L’ennesima svolta avviene con una vera rivoluzione al contrario, quando i fratelli con i rispettivi compagni di vita aprono Pedemontis, società agricola che valorizza l’aspetto territoriale del tartufo, con una tartufaia e l’approccio alla tartuficoltura. I loro 26 ettari di bosco, divisi in piccole superfici, diventano la nuova sfida: il tartufo bianco non è ‘coltivabile’ ma possono essere messi in atto alcuni accorgimenti che rendono il terreno più adatto alla loro crescita.
I quattro ragazzi puliscono i boschi, li ripopolano con alberi atti a fare tartufo bianco e nero, distanziano le piante per dar modo al sole di penetrare meglio.
Tagliano i rami per far produrre radici nuove, molto ospitali per tartufo. Dissodano il terreno per creare delle collinette che facciano defluire l’acqua, rivoltano il terreno e asportano le pietre per avere tartufi più tondi.
La scienza applicata al sapere contadino produce tartufo fresco, ma anche fiori, frutti, uva. Perché i quattro non si limitano al raccolto di oggi, ma stanno costruendo un’attività sul lungo periodo: parallelamente a quello che viene fatto in campo c’è una tecnologia unica, per custodire il territorio per un tempo molto lungo.
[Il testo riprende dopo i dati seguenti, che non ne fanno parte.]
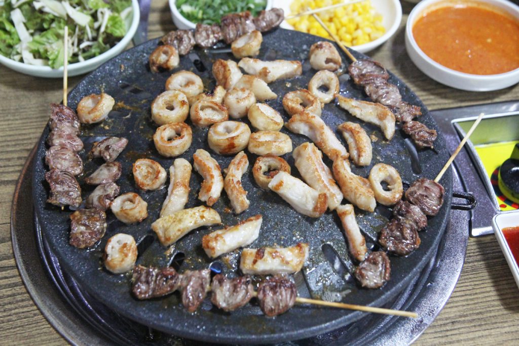 【#韓国絶品グルメ30選 022】マクチャン(大邱広域市)。マクチャンはギアラ(牛の第4胃)、または豚の直腸を指し、これを炭火、練炭などで網焼きにします。大邱の地下鉄アンジラン駅近くには豚のマクチャン、コプチャン(小腸)などを焼いて食べる店が集まっており、名物通りとして賑わっています。
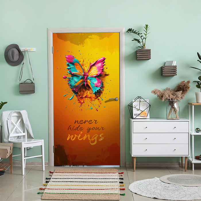 Entdecke die Türtapete Schmetterling, Spruch, Farbklecks
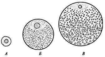 Рис. 11.2. Типы яйцеклеток хордовых животных: А — яйцеклетка человека; Б — яйцеклетка земноводных; В — яйцеклетка птиц
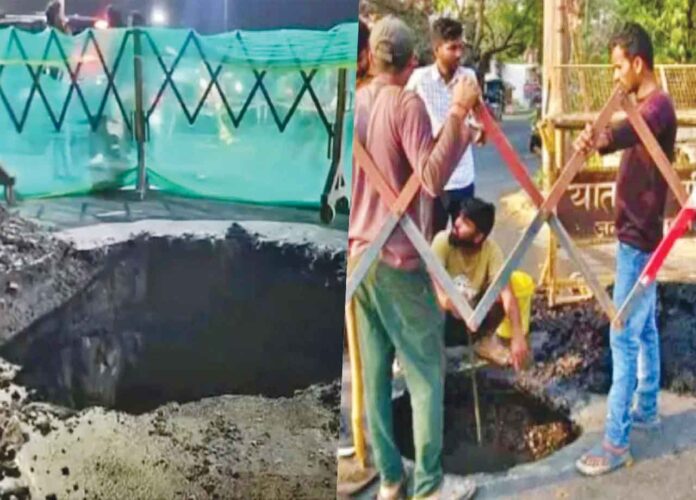 यूपी की राजधानी लखनऊ में हाल ही में लोकार्पित ग्रीन कॉरिडोर परियोजना की सड़क तीसरे दिन ही धंस जाने से निर्माण कार्य की गुणवत्ता पर सवाल खड़े हो गए हैं। यह घटना खाटू श्यामजी मंदिर के पास हुई, जहां सड़क का एक हिस्सा धंसकर करीब पांच फीट गहरा गड्ढा बन गया। इस बीच कांग्रेस के प्रदेश अध्यक्ष अजय राय ने भी इसको लेकर सवाल उठाया है। उन्होंने योगी सरकार पर निशाना साधते हुए कहा कि, वाह रे डबल इंजन का विकास! अभी २ दिन पहले ही रक्षा मंत्री राजनाथ सिंह ने लखनऊ में जिस `ग्रीन कॉरिडोर’ का भारी तामझाम के साथ उद्घाटन किया था, वो पहली बारिश भी नहीं झेल पाया।
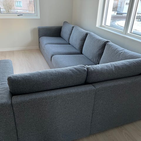 Sparsamt använd stor soffa. Sits Sara.

E naturalmente vanno personalmente a raccogliere i tartufi, usando cani di famiglia, che sono veri e propri fratelli: vedere il rapporto simbiotico tra cane ed essere umano, tra padrone e animale, è la vera magia che questo viaggio tra le colline piemontesi ci ha saputo regalare. Perché quando il cane scova il tartufo, e l’uomo lo toglie con cura dal terreno, per evitare di romperlo, gli occhi dei due sono fissi sul risultato dello sforzo. Nessun tartufo uscirà dal terreno senza che questa sinergia sia perfetta, senza che il binomio abbia agito nel puro interesse comune. La magia della condivisione, che come in ogni attività che richiede un lavoro di squadra, ha nella sua realizzazione un’alchimia unica.